Muy curioso el último aviso leído: “No aceptamos cuentas compartidas”. ¡Eso es facilitar el pago pro las que hilan! Más cómodo para el que atiende debe ser que haya un solo pagador y que los clientes ajusten sus cuentas por la vía del bizum.

Es genial la que impone las condiciones para sentarse: “Las mesas solo podrán ser ocupadas cuando estén todos los comensales”. ¿Y si no hay barra? Se ha de esperar en la calle, junto a las mascotas que, como es lógico, no pueden entrar. Y el público traga. Traga después de no haberse sabido comportar, claro. Porque la prohibición, la regulación y la restricción son habitualmente reacciones al abuso, el trato desconsiderado y la falta de decoro.
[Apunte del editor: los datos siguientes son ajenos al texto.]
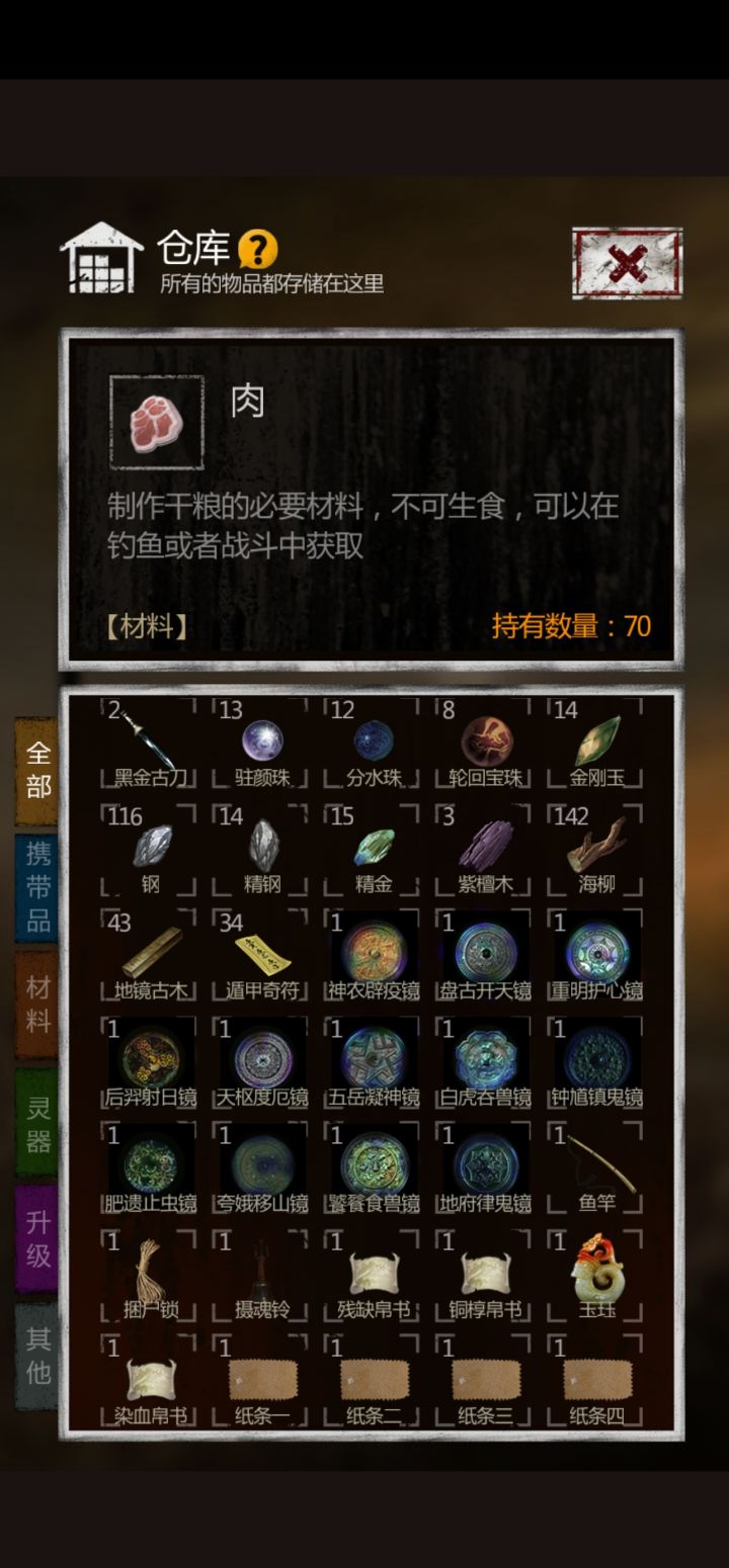 第二梯队神器:开荒优先,重明,神农 。重明镜子提供三系免伤20%,神农提供回血20%以及最节省干粮的走路回血属性。
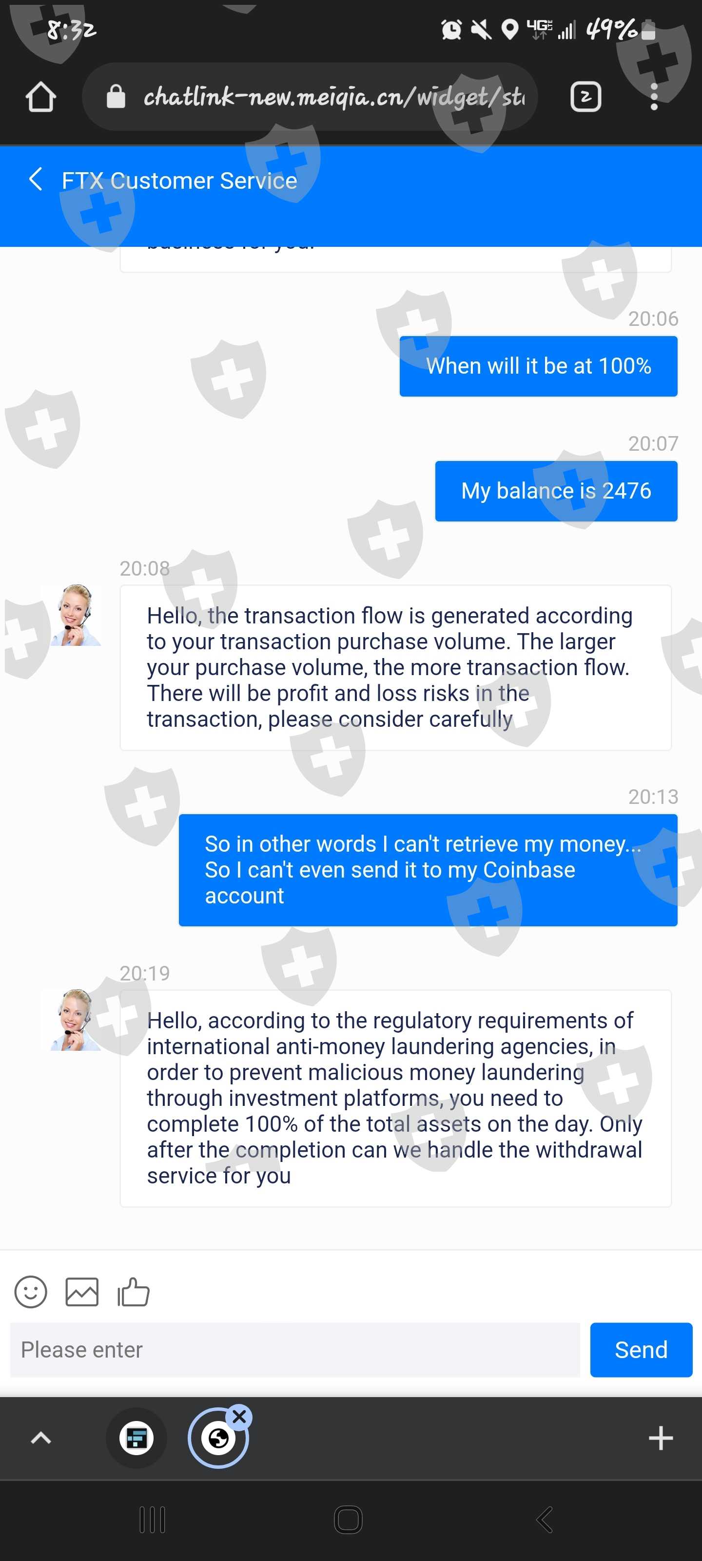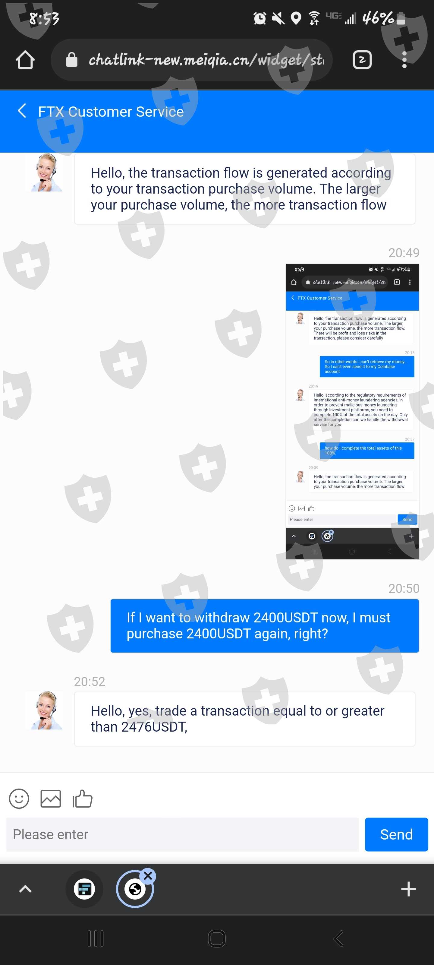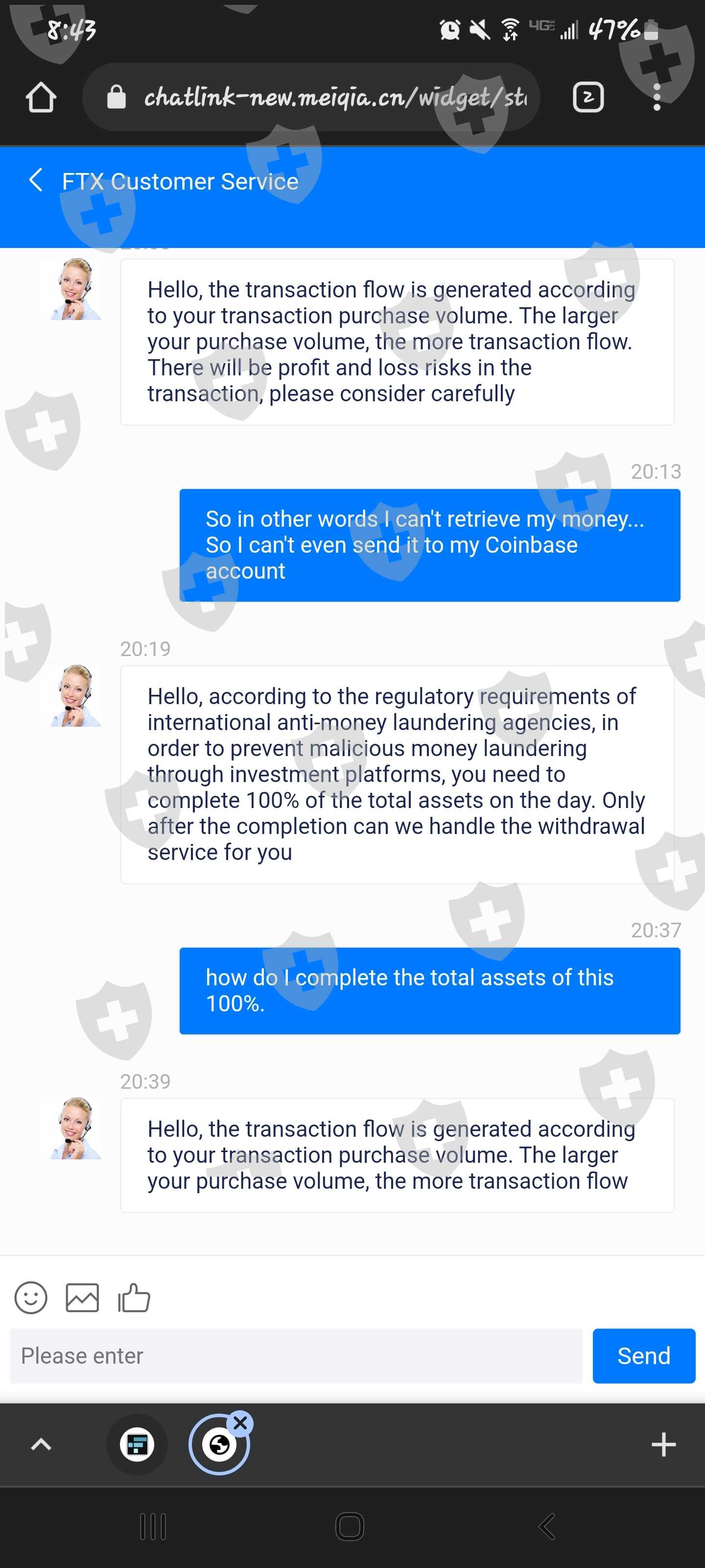 FTX OTC客服发送了这些消息,不允许我提款。请看截图

El caso es que entre todos hemos creado una hostelería más encorsetada, más inhóspita si cabe. Al hacer reservas y dejar las mesas plantadas se tuvieron que aplicar medidas exigen garantías de los compromisos adquiridos: desde pedir una cantidad por adelantado a una tarjeta bancaria como en los hoteles, pasando por el sistema que alerta si esa tarjeta se ha usado en diferentes restaurantes el mismo día y cazar así a quienes hacen varias reservas por adelantado... Y ya se piensan cuál usarán.

Cómo será también el personal que hay que recordarles que no se meten bicicletas ni patinetes en el interior. Ay, aquellos tiempos en que bastaba con prohibir el cante o recordar que no se debía escupir en el suelo. Ahora la clientela da el cante de otra manera. También cabría recordarle a los hosteleros normas elementales de trato, que sus negocios deben dar facilidades para gastar y, por lo tanto, evitar absurdos cortapisas. ¿No se trata de vender? “Den salida al queso, den salida”, instaba el maestro Rafael Juliá a sus camareros para que ofrecieran con más interés las bandejas. “No vuelvan con las manos vacías”, les apremiaba para que levantaran los platos usados.

Hay veces que el cliente se siente como una amenaza o en situación de pedir un favor. El colmo es ya la limitación de tiempo de uso de una mesa. O la advertencia de que no se sirve un vaso de agua si no se consume previamente. Solo la lectura de semejantes avisos hiere a los sentidos y quitan las ganas. Porque uno no entra en una taberna para enfrentarse a adversidades, ni para soportar un trato desconsiderado ni, por supuesto, tratar mal a un camarero. Al final, se queda uno con el sota, caballo y rey. Y hasta llega un momento en que puede sobrarle algún naipe. El mejor bar es el de cabecera, como el médico. Los experimentos que sean con gaseosa. No vamos a reeducar a nadie como tampoco a que nos encorseten, que bastantes prohibiciones sufrimos ya en el día a día.

El cliente ya no es el rey, porque muy probablemente no llega a la condición de buen vasallo. Dicen que faltan camareros. Falta, sobre todo, el conocimiento del oficio, ese espíritu que aún se lee en la leyenda de entrada a cierto negocio que todavía homenajea el noble arte de servir. Y faltan clientes que sepan ser servidos.